(Items from a dataset)
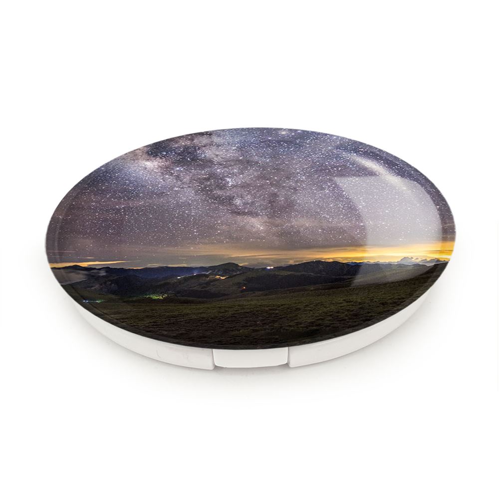 آینه های تاشو کهکشان و سیاره ها خندالو، از جنس پلاستیک فشرده ABS تولید شده و به رنگ سفید می باشد. یکی از آینه ها ابعاد واقعی را نشان داده و دیگری با قابلیت بزرگنمایی، جزئیات را بهتر نمایش می دهد.
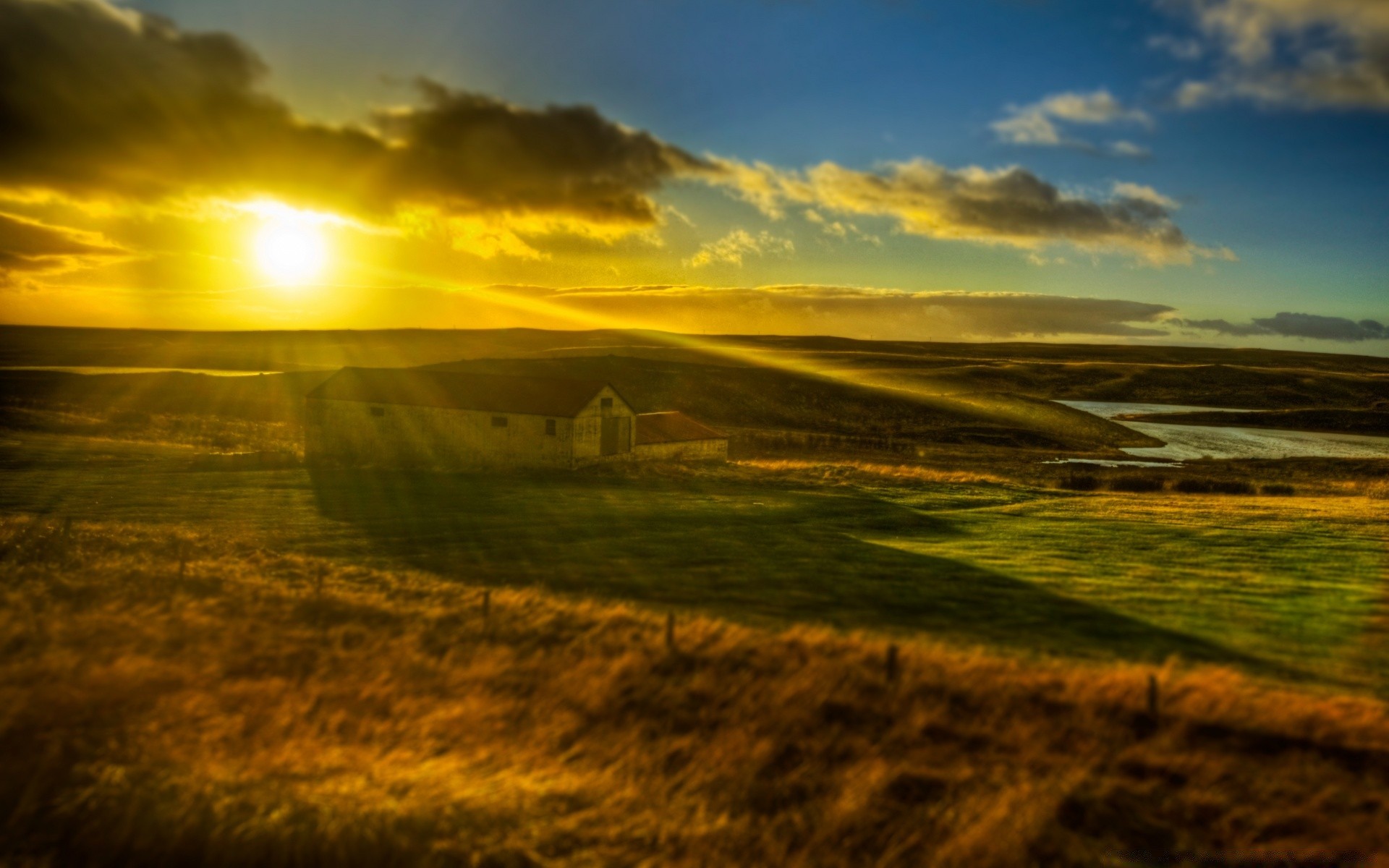 Pôr do sol americano, brilho da água
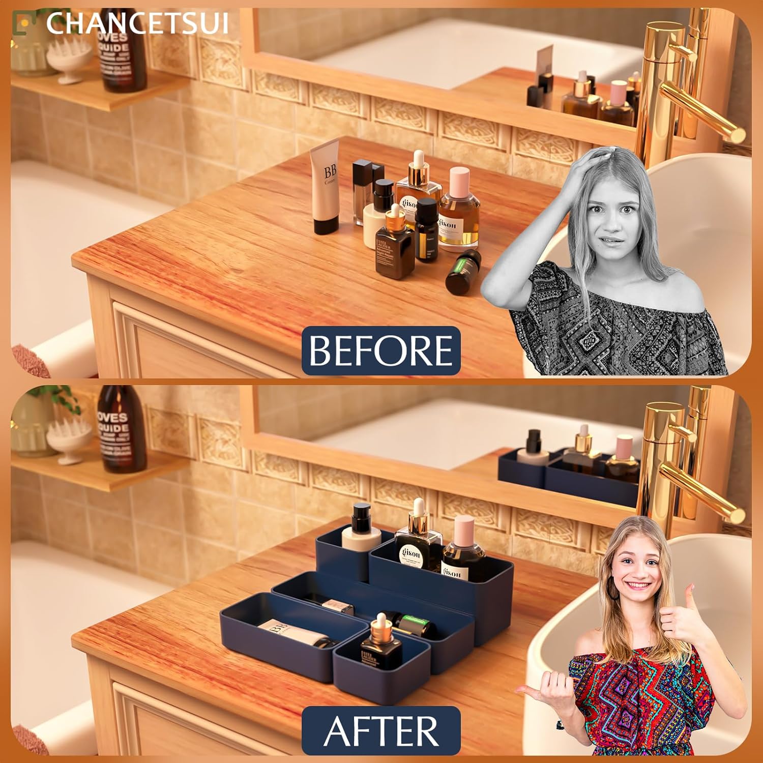 - [ LONG LASTING ] Made with quality plastic, a light weighted and easy to clean material that ensure the trays are built to last. The material makes the trays hard to break, keeping the organiser nice and steadily stacked.Customize your layout with individual bins in a bathroom, dresser, vanity, or desk.
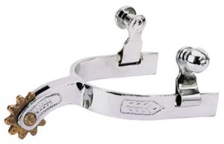 This chrome plated youth spur features an engraved band, 1-1/4″ shank, 1/2″ band and 10 point rowel.
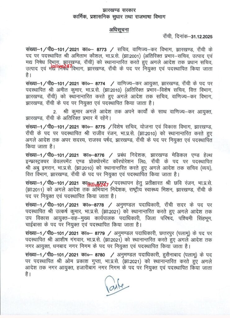 inlive247 Desk: नए साल से पहले झारखंड प्रशासन में बड़ा प्रशासनिक फेरबदल देखने को मिला है. राज्य सरकार ने कई भारतीय प्रशासनिक सेवा (IAS) अधिकारियों का तबादला कर दिया है. इस कड़ी में पदस्थापन की प्रतीक्षा कर रहे आईएएस अधिकारी छवि रंजन को बड़ी जिम्मेदारी सौंपी गई है.
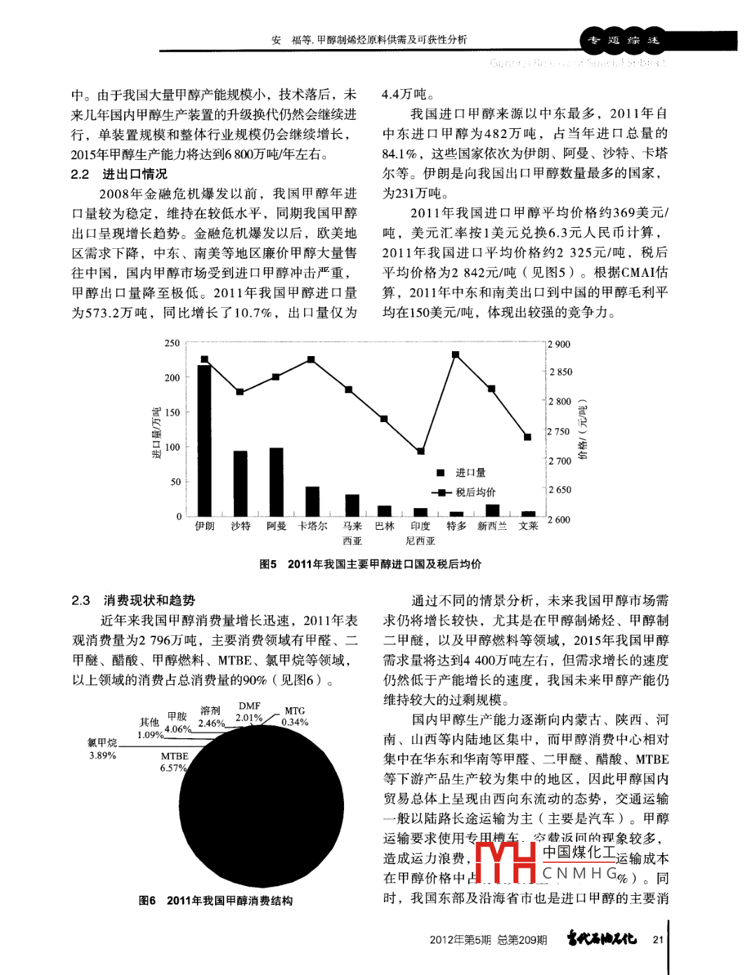 甲醇制烯烴原料供需及可獲性分析安福閔劍(中國石化集團公司經(jīng)濟技術研究院,北京100029)摘要:研究了甲醇行業(yè)和甲醇制烯烴的現(xiàn)狀及發(fā)展趨勢,對外購甲醇制烯烴項目的原料可獲性進行了分析,提出了此類項目控制甲醇成本的相關建議關鍵詞:甲醇制烯烴原料可獲性隨著國際原油價格的上漲,新型煤化工在產(chǎn)1世界甲醇供需現(xiàn)狀及趨勢品競爭力方面顯示出較強的競爭力。在我國煤炭2010年世界甲醇生產(chǎn)能力達到8731萬噸/年,資源豐富的內(nèi)蒙古、寧夏等地區(qū)建設的煤經(jīng)甲醇產(chǎn)量為4942萬噸,表觀消費量為4942萬噸。世界制烯烴項目運行情況良好,在我國蒸汽裂解乙烯甲醇產(chǎn)能增長速度超過需求增長速度,產(chǎn)能出現(xiàn)裝置普遍虧損的情況下,具有較強的盈利能力。嚴重過剩的情況。2010年平均開工率為56.6%,比MTO/MTP成功工業(yè)化,擁有良好的商業(yè)前景,已2008年降低了3.5個百分點。世界各地區(qū)甲醇供需經(jīng)成為國內(nèi)化工行業(yè)關注的焦點?,F(xiàn)狀見表1。表12010年世界甲醇供需狀況萬噸地區(qū)產(chǎn)能(萬噸庫年產(chǎn)量進口量出口量衰觀消費量開工率,%492618341239372中東142092.1中南美1025中東歐75661.8非洲160686.0北美8358271.6大洋洲928合計494227852785*注:不包括中東,以下同。1.1供應現(xiàn)狀及趨勢有所減少,但裝置更加大型化。西歐和北美的甲目前甲醇生產(chǎn)裝置主要分布在亞洲、中東醇產(chǎn)能出現(xiàn)萎縮。和中南美等煤炭和天然氣資源比較豐富的地區(qū)2010年以上地區(qū)的甲醇生產(chǎn)能力占到世界總生產(chǎn)收稿日期:201204-07能力858%,其中亞洲占564%,中東占177%,中作者簡介學碩士,高級工程師,1985南美洲占1.7%(見圖1)。最近幾年,亞洲甲醇生年畢業(yè)于中國煤化工中國石化集產(chǎn)能力增長最快,2010年產(chǎn)能達到4926萬噸/年,團公司經(jīng)CNMHG主要從事石主要增長來自于中國。中南美洲總產(chǎn)能比2005年油化工與煤化工項目評估、咨詢和規(guī)劃等工作18北代2012年第5期總第209期安福等.甲醇制烯烴原料供需及可獲性分析中南美洲、中東等地的甲醇企業(yè)規(guī)模大,天其他然氣原料成本低廉,具有很強的競爭力。因此,中東和中南美洲的甲醇裝置開工率較高。預計2015年,世界甲醇生產(chǎn)能力達到12795甲基丙烯酸萬噸/年(見圖1),2010-2015年產(chǎn)能年均增速甲酯2%燃料7.9%,產(chǎn)能增長仍然較快,開工率可能會進甲胺3%步降低。在全部已公開的擴建計劃中,未來全球溶劑4%甲醇新增生產(chǎn)能力主要集中在亞洲,尤其以中國氯甲烷產(chǎn)能增長為主。除中國外,甲醇產(chǎn)能將明顯增長圖22010年世界甲醇消費結(jié)構(gòu)的國家主要有智利、埃及、伊朗、俄羅斯等。另外,由于北美天然氣價格下降,加拿大、美國一受金融危機影響,2010年世界甲醇消費較些閑置的甲醇裝置將會重新啟動。2008年有較大的變化。甲醛主要用于建筑行業(yè)的粘合劑,北美、西歐的經(jīng)濟衰退導致房地產(chǎn)行14000魯大洋洲■中東歐業(yè)不景氣,較大程度地影響甲醛對甲醇的需求,12000北美中南美2010年甲醇消費結(jié)構(gòu)程度地中,用于生產(chǎn)甲醛的100非洲中東甲醇比例下降較快,降低了8個百分點。甲醇作直■西歐■亞洲8000接燃料的消費量增長迅速,占甲醇消費的比例已6000由2008年的78%上升到107%。由于美國禁止使用4000MTBE,歐洲推廣ETBE替代品,從2003年開始,世界MTBE的消費量就在逐年下降,目前,世界2000MTBE消費的甲醇量已從甲醇消費結(jié)構(gòu)的原第二位2005年010年2015年降至第四位。圖1世界甲醇生產(chǎn)能力及地區(qū)分布變化趨勢預計2015年全球甲醇需求量為7800萬噸左右,亞洲仍是世界甲醇消費最大的地區(qū)。甲醇消1.2需求現(xiàn)狀及趨勢費結(jié)構(gòu)中,傳統(tǒng)甲醇消費領域,如甲醛、MTBE等2010年世界甲醇需求為4942萬噸,2005-所占比例將持續(xù)下降,受中國煤化工的影響,直2010年年均增長62%。目前全球甲醇消費地區(qū)集接用于燃料的甲醇,以及用于生產(chǎn)乙烯、丙烯、中在亞洲、西歐和北美等地區(qū),2010年以上區(qū)域二甲醚等產(chǎn)品的甲醇將逐步增多。甲醇總消費量約為4153萬噸,占當年全球總消費1.3世界甲醇貿(mào)易平衡和流向分析量的840%。以上區(qū)域同時也是甲醇的主要凈進口007年以前,世界甲醇供需較為平衡,過剩區(qū)域。產(chǎn)能基本維持在1000萬噸/年以下。2008年以后世界范圍內(nèi),僅中國對甲醇的需求增長供獻甲醇產(chǎn)能擴張迅猛,世界甲醇產(chǎn)能過剩情況急劇惡較大。2008年金融危機發(fā)生后,北美和西歐房地化,到2010年,產(chǎn)能過剩已經(jīng)接近4000萬噸/。產(chǎn)、汽車等行業(yè)的衰退使這些地區(qū)對甲醇的需求預計2013年左右,世界甲醇產(chǎn)能過剩將達到頂峰,量明顯減少,中東地區(qū)大量過剩的甲醇商品涌入超過5500萬噸年,此后甲醇行業(yè)開工率將逐漸恢中國市場。復。世界甲醇市場的供應能力將長期保持過剩。在2010年世界甲醇消費結(jié)構(gòu)中,甲醛是最大由于世界甲醇的主要生產(chǎn)能力分布在亞洲、的消費領域,占27%;其次為直接燃料用途,約中東和中南美,需求主要集中在北美、歐洲和亞占總消費量的17%;第三為醋酸,約占10%;甲洲。供給與需求V凵中國煤化工的世界貿(mào)基叔丁基醚(MTBE)用途約占10%。2

** WHAT TO DO **
Your task is to return the lines above, from the first one up to and including the line containing "Pôr do sol americano, brilho da água", minus any pictures.

** ANSWER TO THE EXERCISE **
 آینه های تاشو کهکشان و سیاره ها خندالو، از جنس پلاستیک فشرده ABS تولید شده و به رنگ سفید می باشد. یکی از آینه ها ابعاد واقعی را نشان داده و دیگری با قابلیت بزرگنمایی، جزئیات را بهتر نمایش می دهد.
 Pôr do sol americano, brilho da água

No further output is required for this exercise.